Asperger syndrome appears to result from developmental factors that affect many or all functional brain systems, as opposed to localized effects.

Although the specific underpinnings of AS or factors that distinguish it from other ASDs are unknown, and no clear pathology common to individuals with AS has emerged, it is still possible that AS's mechanism is separate from other ASDs.

Neuroanatomical studies and the associations with teratogens strongly suggest that the mechanism includes alteration of brain development soon after conception. Abnormal fetal development may affect the final structure and connectivity of the brain, resulting in altered neural circuits controlling thought and behavior. Several theories of mechanism are available; none are likely to provide a complete explanation.

===General-processing theories===
One general-processing theory is weak central coherence theory, which hypothesizes that a limited ability to see the big picture underlies the central disturbance in ASD. A related theory—enhanced perceptual functioning—focuses more on the superiority of locally oriented and perceptual operations in autistic individuals.

===Mirror neuron system (MNS) theory===

Upon the discovery of mirror neurons, it was proposed that alterations to mirror neuron development interfere with imitation and lead to Asperger syndrome's core feature of social impairment. The theory has since been criticised, with subsequent studies showing contradictory evidence to support claims that autism is associated with mirror neuron dysfunction.

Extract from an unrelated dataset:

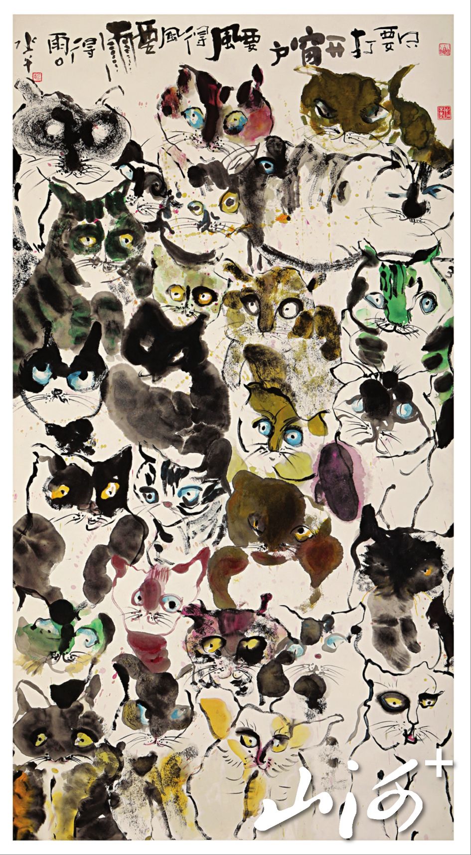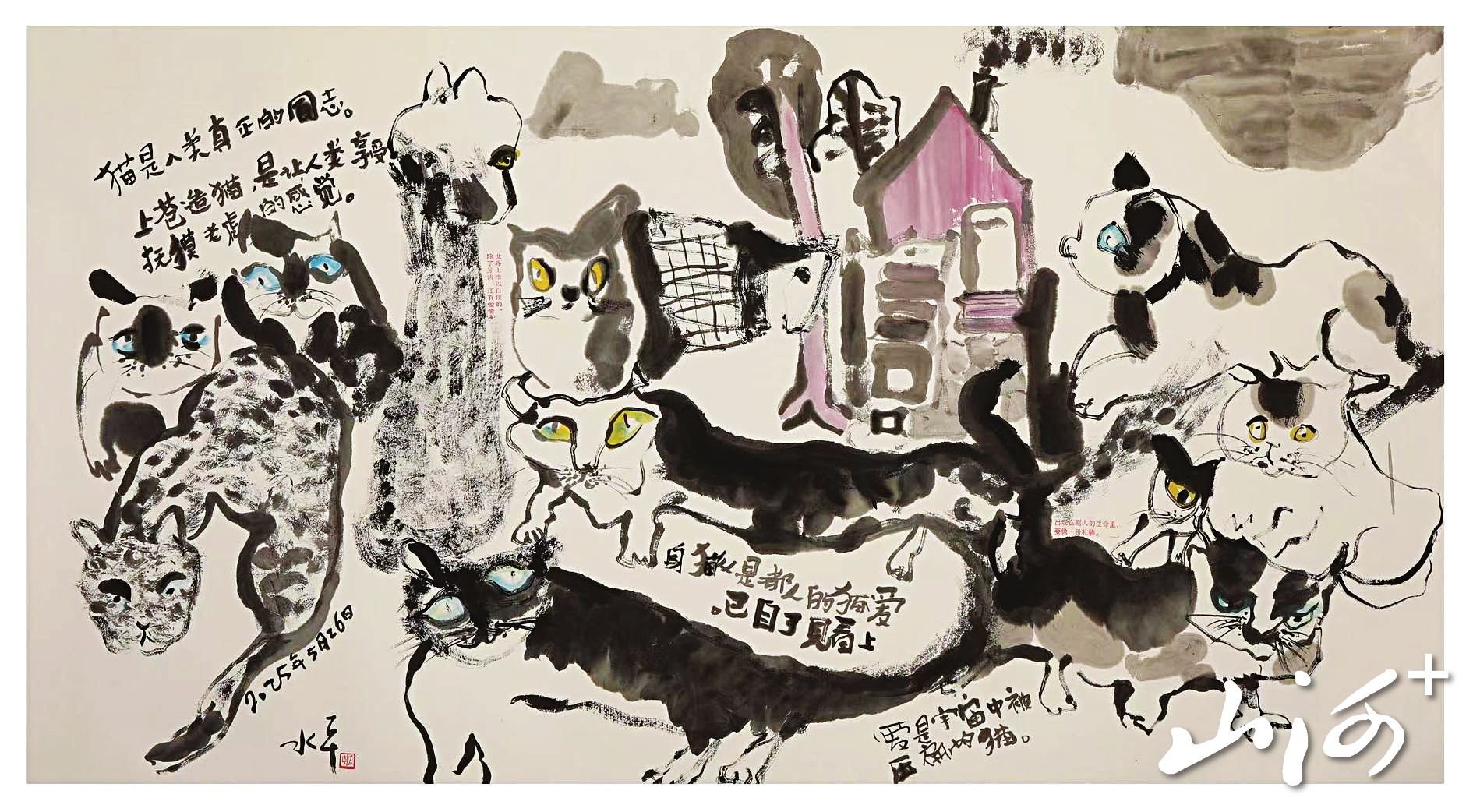 在葛水平的绘画题材中,“猫”占据了一个独特而耀眼的位置,形成了她极具个人标识的创作区间。她笔下的猫,绝非单纯的宠物写生,而是被高度人格化、象征化甚至神话化的艺术载体。她画中的猫,承载了人类复杂的情感与处境:相依与孤独、自由与漂泊、机心与天真、生存与战争。

Two other models of mirror neuron system dysfunction have been proposed, known as the emulation and planning model (EP-M), and social top-down response modulation (STORM) model. In summary, the EP-M proposes that the process of mimicry is impaired within individuals with autism, so individuals would struggle to imitate an observed action without understanding the underlying goal (for example, an autistic child being less able to spontaneously imitate a meaningless gesture or facial expression). The STORM model proposes that the processing of executed/observed actions and the social significance of the actions is impaired/reduced within people with autism. Both of these models conflict with the idea that the mirror neuron system in autistic people is 'broken'. Both the STORM and EP-M models reflect the differences between neurotypical individuals and autistic individuals better than the mirror neuron system theory regarding both imitation and motor functions.

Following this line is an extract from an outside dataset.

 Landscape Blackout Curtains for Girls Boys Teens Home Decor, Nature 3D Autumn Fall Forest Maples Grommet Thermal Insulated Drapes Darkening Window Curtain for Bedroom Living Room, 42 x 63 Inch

The broken mirror hypothesis of autism aligns with social cognition theories like the theory of mind, which hypothesizes that autistic behavior arises from impairments in ascribing mental states to oneself and others; or hyper-systemizing, which hypothesizes that autistic individuals can systematize internal operations to handle internal events but are less effective at empathizing when handling events generated by other agents.

== Diagnosis ==
Standard diagnostic criteria require impairment in social interaction and repetitive and stereotyped patterns of behavior, activities, and interests, without significant delay in language or cognitive development. Unlike the international standard, the DSM-IV-TR criteria also required significant impairment in day-to-day functioning; As noted above, in the 2010s, Asperger syndrome, as a separate diagnosis, was eliminated and folded into autism spectrum disorder in the DSM-5 and the ICD-11. Other sets of diagnostic criteria have been proposed by Szatmari et al. and by Gillberg and Gillberg.

Diagnosis of ASD (and previously AS) is most commonly made between the ages of four and eleven. A comprehensive assessment involves a multidisciplinary team that observes across multiple settings, and includes neurological and genetic assessment as well as tests for cognition, psychomotor function, verbal and nonverbal strengths and weaknesses, style of learning, and skills for independent living. The "gold standard" in diagnosing ASDs combines clinical judgment with the Autism Diagnostic Interview-Revised (ADI-R), a semistructured parent interview; and the Autism Diagnostic Observation Schedule (ADOS), a conversation and play-based interview with the child. Delayed or mistaken diagnosis can be traumatic for individuals and families; for example, misdiagnosis can lead to medications that worsen behavior.

Underdiagnosis and overdiagnosis may be problems. The cost and difficulty of screening and assessment can delay diagnosis. Conversely, the increasing popularity of drug treatment options and the expansion of benefits has motivated providers to overdiagnose ASD. There are indications AS has been diagnosed more frequently in recent years, partly as a residual diagnosis for children of normal intelligence who are not autistic but have social difficulties.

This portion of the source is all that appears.